Version: unspecified
Severity: normal
See Also:
https://bugzilla.wikimedia.org/show_bug.cgi?id=60550

Details

Reference
bz60555

Related Objects

Event Timeline

bzimport raised the priority of this task from to High.Nov 22 2014, 2:52 AM
bzimport set Reference to bz60555.

bsitu wrote:

There was no PHP code merged since January 1st. I also did a test against revision 6081131 locally and it seemed to be fine:
{"event":{"version":"1.5","eventId":2418,"notificationType":"edit-thank","notificationGroup":"positive","sender":"1","recipientUserId":2,"recipientEditCount":911,"eventSource":"history","deliveryMethod":"web","revisionId":5348},"schema":"Echo","revision":6081131,"clientValidated":true,"wiki":"git_my_wiki","recvFrom":"ThinkPad-X220","timestamp":1390958511,"webHost":"git-core","userAgent":"Mozilla/5.0\u0020(X11;\u0020Ubuntu;\u0020Linux\u0020x86_64;\u0020rv:16.0)\u0020Gecko/20100101\u0020Firefox/16.0"}

We should look at production raw log to identify the error.

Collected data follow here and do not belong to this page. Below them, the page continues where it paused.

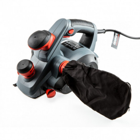 Strug 850W, głębokość strugania 0-3 mm, obroty 16500 min⁻¹, szerokość strugania 82 mm, ilość noży 2 szt, struganie wgłębne 0-12 mm, (LxH) 270 x 165 mm, masa 3.1 kg, akcesoria: worek na pył, klucz płaski, prowadnica równoległa oraz wspornik, prowadnica do strugania wgłębnego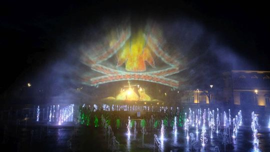 Fontanna multimedialna próbne pokazy po zimowej bezczynności...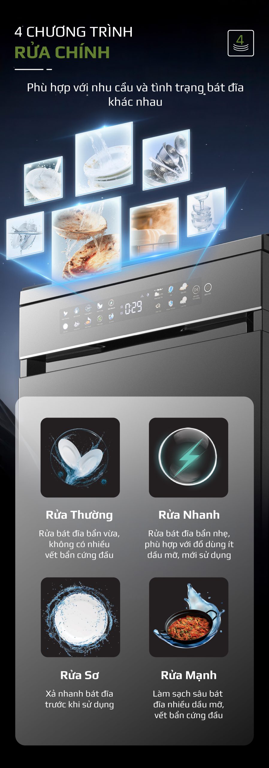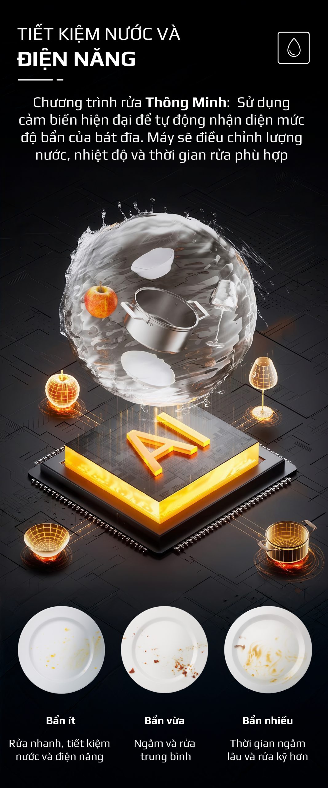 - Thông Minh: Tự động nhận diện mức độ bẩn của bát đĩa để điều chỉnh chương trình rửa phù hợp.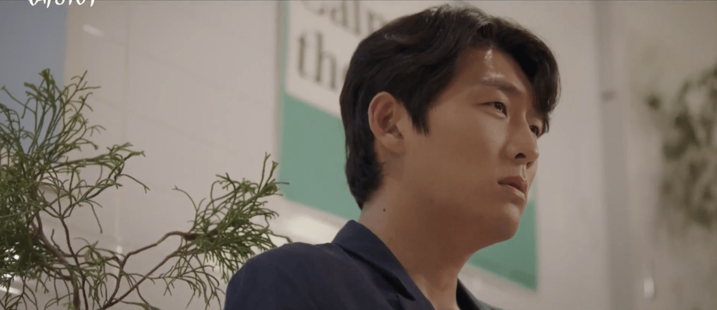 Eu-Ddeum and Hyo-joo collaborate to find recruit and seal some advertisements for ‘The Baby.’ The two end up bickering with each other on the approach they should take which Hyo-joo eventually apologizes for. She’s been doubting herself and her abilities at work for a while now so she’s not sure if she’s doing well or not. Eu-Ddeum cheers her up by complimenting her writing and how she’s improved in that aspect of her work life. Eu-Ddeum steps outside for a bit to grab the two some food. When he returns to the office, he discovers Hyo-joo asleep on the couch so he wakes her up. He chuckles upon seeing a mark on Hyo-joo’s face and hints for her to wipe it off. Hyo-joo won’t be tricked this time and she comments that she won’t fall for his actions again. She’s learned her lesson. Haha.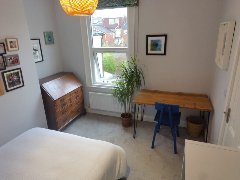 A bright, spacious, and quiet double at the back of the house overlooking the gardens. It's furnished with a double bed and comfy, firm mattress, a set of 4x3 box shelves with storage boxes (new ones being delivered!), a bed side table (and lamp if you want it), a double hanging rail, desk and chair, and an antique bureau desk for extra storage. I have a spare double duvet if you'd like to use it.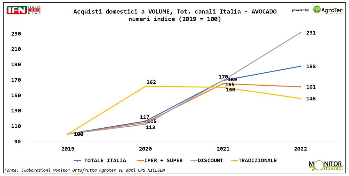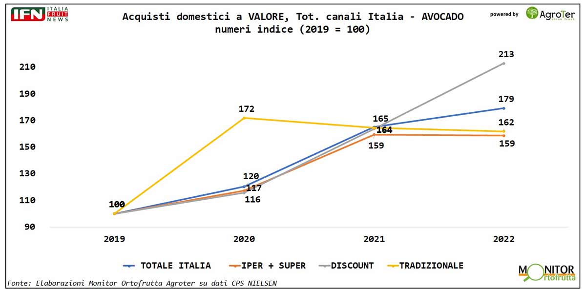 Una crescita di 113 punti a valore e 130 a volume nell’arco di 4 anni. Le analisi del Monitor Ortofrutta di Agroter certificano una performance a dir poco prorompente dell’avocado nei discount.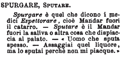 | Spurgare, Sputare - Spurgare è quel che dicono i medici Espettorare, cioè Mandar fuori il catarro. - Sputare è il Mandar fuori la saliva o altra cosa che dispiaccia al palato. - «Uomo che sputa spesso. - Assaggiai quel liquore, ma lo sputai perchè non mi piacque.» [immagine] |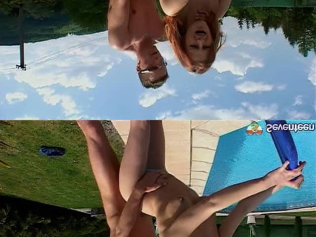 Redhead and bosomy teen gets screwed hardcore near the pool outdoors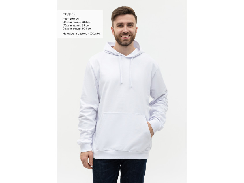 Размер мужского худи: XXL/54. Параметры модели: рост 190 см.; обхват груди 108 см.; обхват талии 87 см.; обхват бедер 104 см.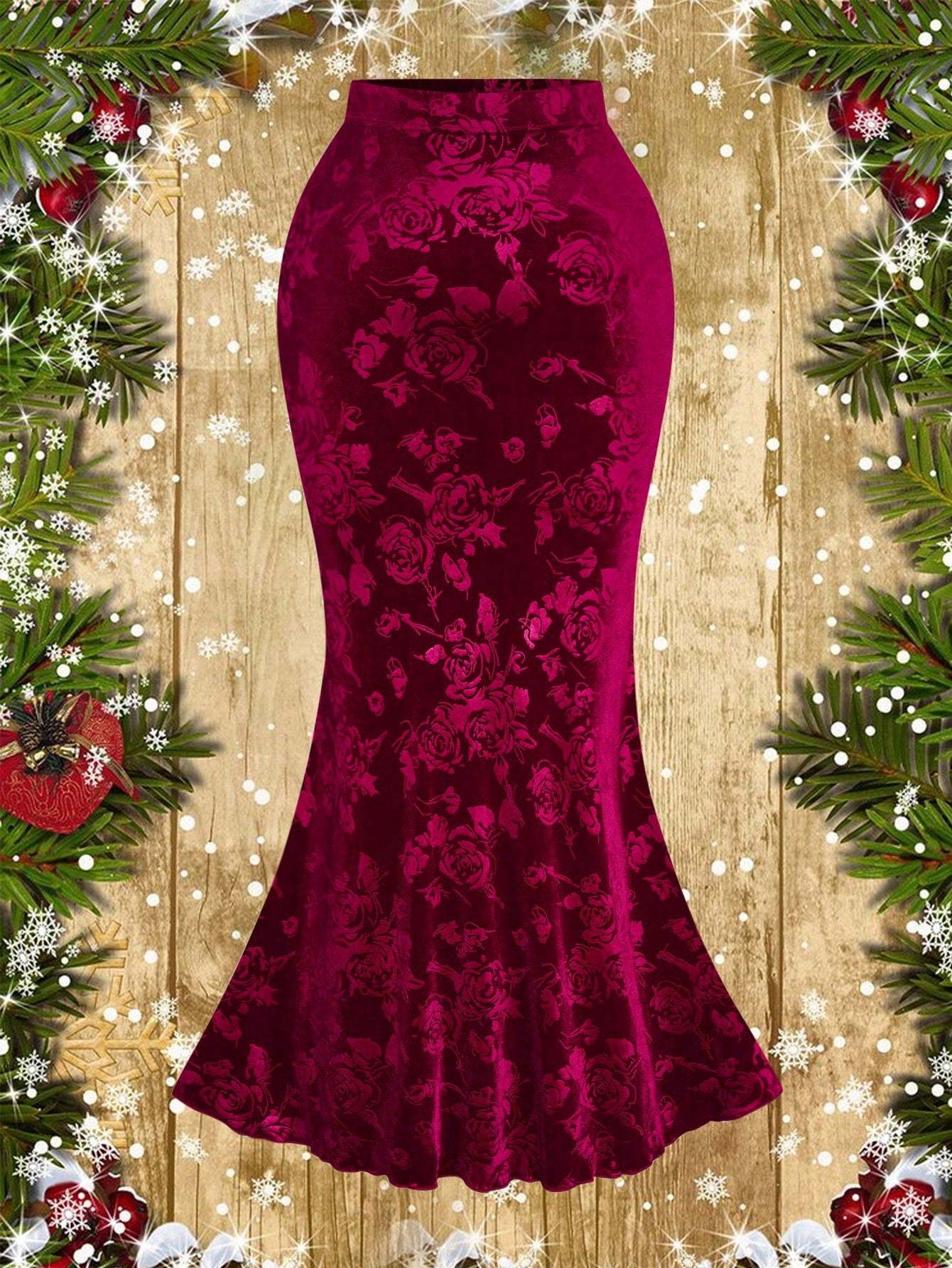 تنورة أنيقة نصف دائرية من القطيفة والجاكارد عالية الخصر مقاسات كبيرة

We are definitely still collecting raw events but they are not written into the log DB.

zgrep 'edit-thank' all-events.log-20140128.gz | wc -l
9812

zgrep 'edit-thank' all-events.log-20140128.gz | grep enwiki | wc -l
3166

Looks like whatever change caused this was part of 1.23wmf10.

Traceback (most recent call last):

File "/usr/local/lib/python2.7/dist-packages/eventlogging-0.6_20131120-py2.7.egg/EGG-INFO/scripts/eventlogging-processor", line 61, in <module>
  validate(event)
File "/usr/local/lib/python2.7/dist-packages/eventlogging-0.6_20131120-py2.7.egg/eventlogging/schema.py", line 76, in validate
  jsonschema.Draft3Validator(schema).validate(capsule)
File "/usr/lib/python2.7/dist-packages/jsonschema.py", line 227, in validate
  :exc:`ValidationError``\s to signal failed validation.

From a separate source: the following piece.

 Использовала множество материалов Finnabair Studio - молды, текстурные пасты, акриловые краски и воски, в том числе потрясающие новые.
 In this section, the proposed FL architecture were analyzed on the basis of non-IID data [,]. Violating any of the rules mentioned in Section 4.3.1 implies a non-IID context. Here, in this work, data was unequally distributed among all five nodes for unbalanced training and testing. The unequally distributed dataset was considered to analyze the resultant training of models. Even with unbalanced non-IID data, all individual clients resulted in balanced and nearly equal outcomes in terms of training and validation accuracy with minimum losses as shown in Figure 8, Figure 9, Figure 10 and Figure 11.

ValidationError: Additional properties are not allowed (u'userAgent' was unexpected)

We can either bump the schema module to reflect the added field (in which case UAs will go into the DB) or we can remove the userAgent field from server-side events. Analytics can choose. I can assist w/recovering events from the raw logs.

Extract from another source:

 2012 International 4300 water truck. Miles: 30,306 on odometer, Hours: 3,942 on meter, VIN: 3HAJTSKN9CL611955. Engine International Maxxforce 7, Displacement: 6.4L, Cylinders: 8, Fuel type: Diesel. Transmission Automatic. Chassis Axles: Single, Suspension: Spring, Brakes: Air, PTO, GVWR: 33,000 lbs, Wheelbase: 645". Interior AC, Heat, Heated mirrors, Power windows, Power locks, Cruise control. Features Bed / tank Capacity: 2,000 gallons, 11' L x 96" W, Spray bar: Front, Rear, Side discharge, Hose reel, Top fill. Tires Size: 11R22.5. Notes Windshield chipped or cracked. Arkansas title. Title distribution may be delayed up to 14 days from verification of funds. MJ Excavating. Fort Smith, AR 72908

A third option is to make validation not fail when there are additional fields I think (which I thought it was the case).

Let's talk about this today, of the two options removing the log of UA server side
should be the easiest one.

Side question: Where are logs for events?

(In reply to comment #6)

A third option is to make validation not fail when there are additional
fields
I think (which I thought it was the case).

Let's talk about this today, of the two options removing the log of UA server
side
should be the easiest one.

Side question: Where are logs for events?

Found logs.

Copying my reply to Nuria here, so that the notes are public.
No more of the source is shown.